10年近く前の映画となるが、今見ても手に汗握る内容には感無量。
当時としては最新鋭に近かったアニマトリクスを多様することで、実写とCGの融合を実に上手くこなしている。
あらすじはいたって簡単。
他の惑星に行ったら、虫っぽい宇宙人(バグ)がいっぱいいて、気づいたら存亡をかけた人類全面戦争になってました。
というお話。実にわかりやすい(笑
人類が戦地でボロボロに負けていても、軍はプロパガンダばりの放送をがんがん流し、国民の意識を軍の都合のいい方向に持っていくCMが要所要所に入るのだが、この映画がアメリカに対する皮肉を言っているように感じて、のが実に面白い。
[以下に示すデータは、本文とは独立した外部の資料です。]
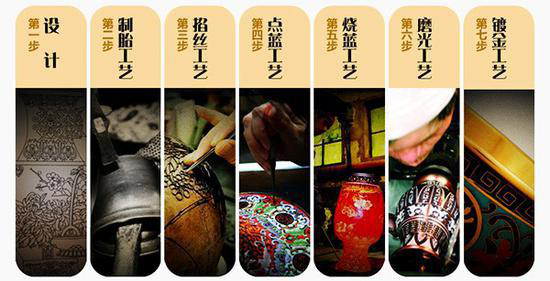 一件景泰藍成品需要歷經(jīng)設(shè)計、制胎、掐絲、點藍、燒藍、磨光、鍍金七大步驟,近百道工序,十幾個工匠三個月的時間純手工方能完成。景泰藍既運用了青銅工藝,又吸收了瓷器工藝,同時大量引進傳統(tǒng)繪畫和雕刻技藝,是集冶金、鑄造、繪畫、窯業(yè)、雕、鏨、錘等多種工藝為一體的復合性工藝過程,堪稱集中國傳統(tǒng)工藝之大成,因而自古便有“一件景泰藍,十箱官窯器”之說。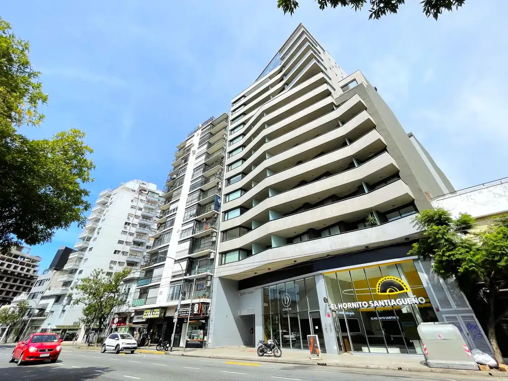Esta unidad consta de un ingreso a traves de un palier común, con disposición al frente, lo que le da principalmente sol directo desde la mañana hasta primera tarde, gracias a su orientación hacia el este y una vista hacia Palermo y la Avenida Cordoba. Living comedor de funcionales medidas, con salida a balcon aterrazado, excelente luminosidad, toilette de recepción. Cuenta con un dormitorio, placard piso techo de dos hojas y acceso a traves de su ventanal al balcon. Baño completo . Posee cocina integrada, con barra desayunadora, artefacto de cocina y anafes electricos marca Candy; espacio para lavarropas o lavavajillas y buen espacio de guardado en alacenas y bajomesadas. Agua caliente central y calefacción individual a traves de A-A F/C (esta hecha la preinstalación). Los pisos son de vinílico símil madera. COCHERA FIJA Y CUBIERTA EN SS.
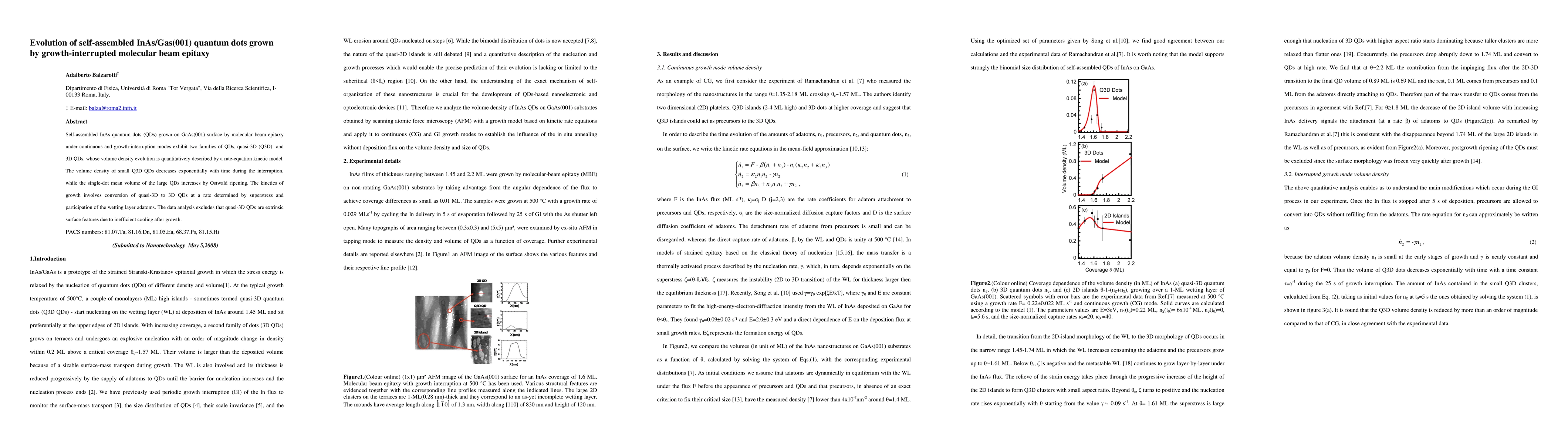 This paper investigates the evolution of self-assembled InAs/GaAs quantum dots (QDs) under continuous and interrupted molecular beam epitaxy, revealing two families of QDs: quasi-3D and 3D. The study uses a rate-equation kinetic model to describe the volume density changes, showing that small quasi-3D QDs decrease while large QDs grow via Ostwald ripening.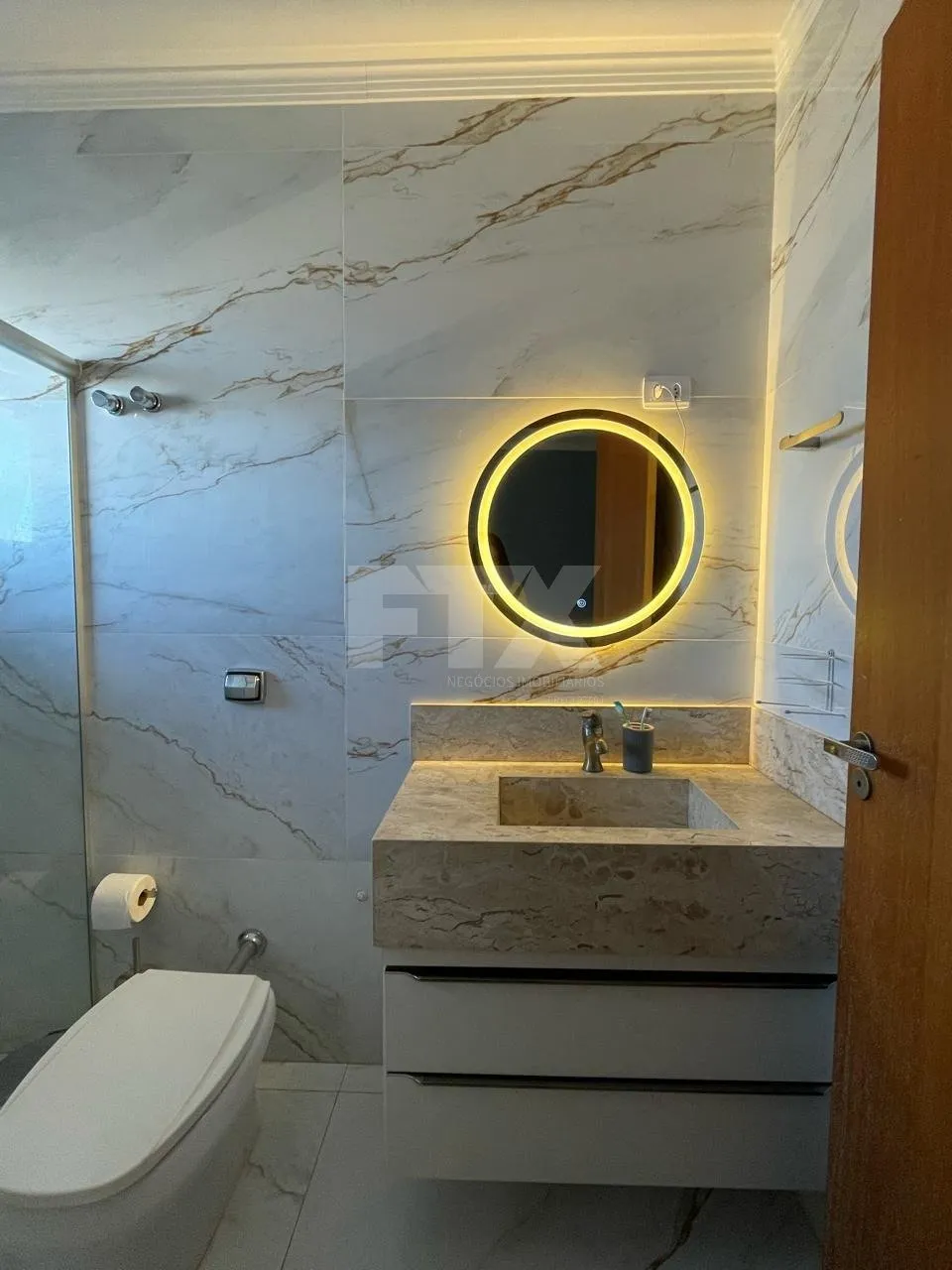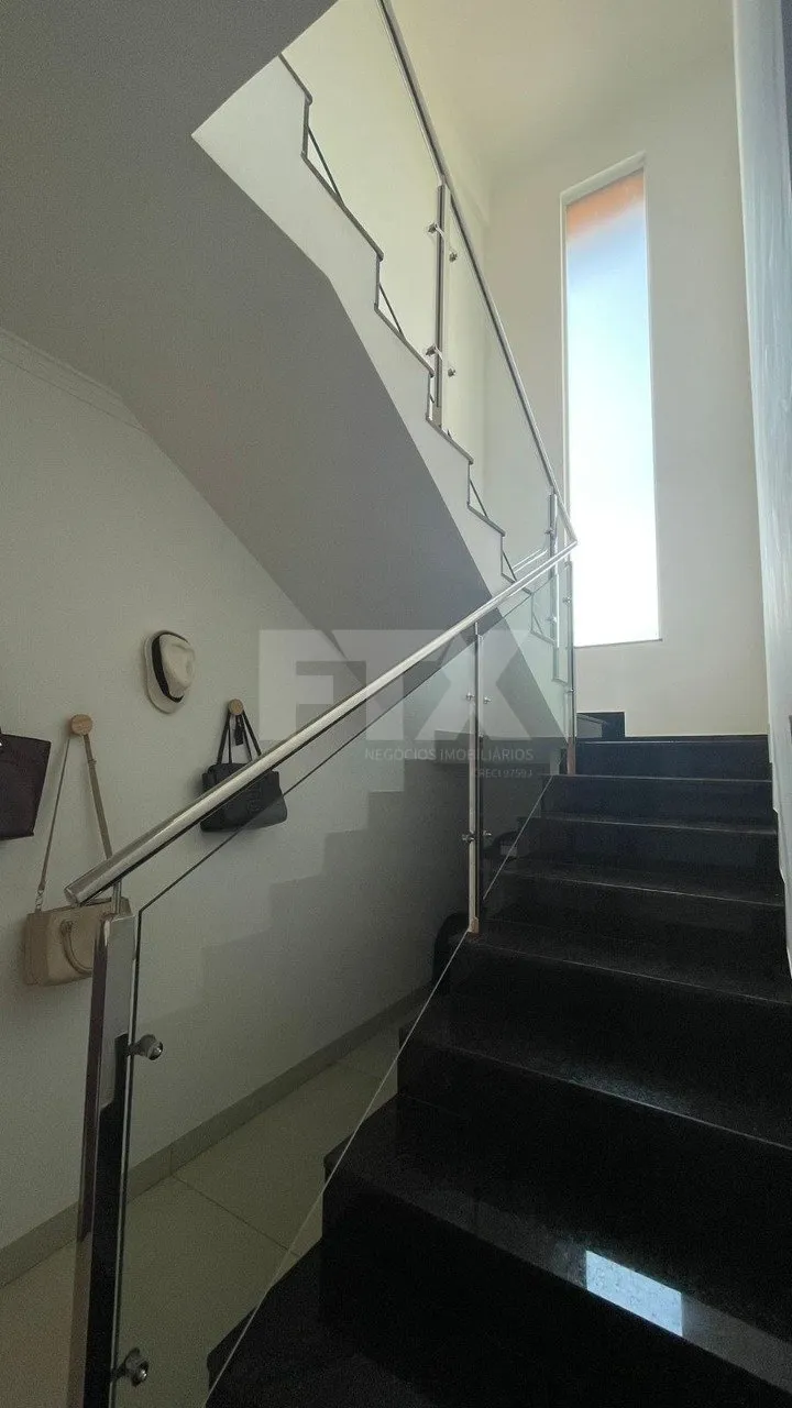 Sobrado familiar com 3 suítes no andar superior, sendo 02 delas com sacada e vista privilegiada! Sala de TV, escada moderna com detalhe imponente em vidro na alvenaria o que facilita a entrada de luz natural.

主人公リコは彼女を追って軍に入隊することにしたのだが、彼女に振られ、更に自分のミスで仲間を殺してしまう。失意の中退役しようとしていたところ、敵の隕石落下攻撃で故郷を失ってしまう。両親を殺され故郷を消滅させたバグに復讐するために軍に残り、歩兵部隊として戦地を駆け巡る!!
だが実際に降り立った戦場は実に地獄絵図だった。
大量のバグが押し寄せ、次々と仲間が殺されていくのだ。
この大量のバグが押し寄せるシーンはまさに圧巻。
どんなに強力な兵器で立ち向かっていっても、バグは何十何百と押し寄せ、倒しても倒しても迫ってくる。必死に応戦して生き延びるリコ。
彼の未来はいかに!?
といったところですが、バグとの戦闘よりもリコの出世街道まっしぐらな生き様の方に心を打たれてしまう。
何せ上官がどんどん死んでいくものだから、階級が繰り上がっていって、どんどん出生していく。1回の戦闘で二階級特進だなんて当たり前。
こいつはどこまで出世するんだ?と思わず笑ってしまう。(笑
内容的には、原作で出てくるパワードスーツが出てこないということで、原作ファンから大ブーイングを受けたり、ご都合主義で何にも考えられていないような戦地での戦い方などから、一般的に受けをとることが出来ずに、興行収入があまりよろしいものではなかった。
ただ、この映画は一度は見ておいて損はないかな?と思う。
10年近く前にこれだけ圧倒的な映像を作り上げ、今も楽しめる作品だからだ。
ついでにBGMがやたらいい。
ここぞ!!というシーンになると流れるBGMがものすごい印象に残り、思わず口ずさんでしまう。
エンディングのスタッフロールでもこのBGMが流れるから感無量だ。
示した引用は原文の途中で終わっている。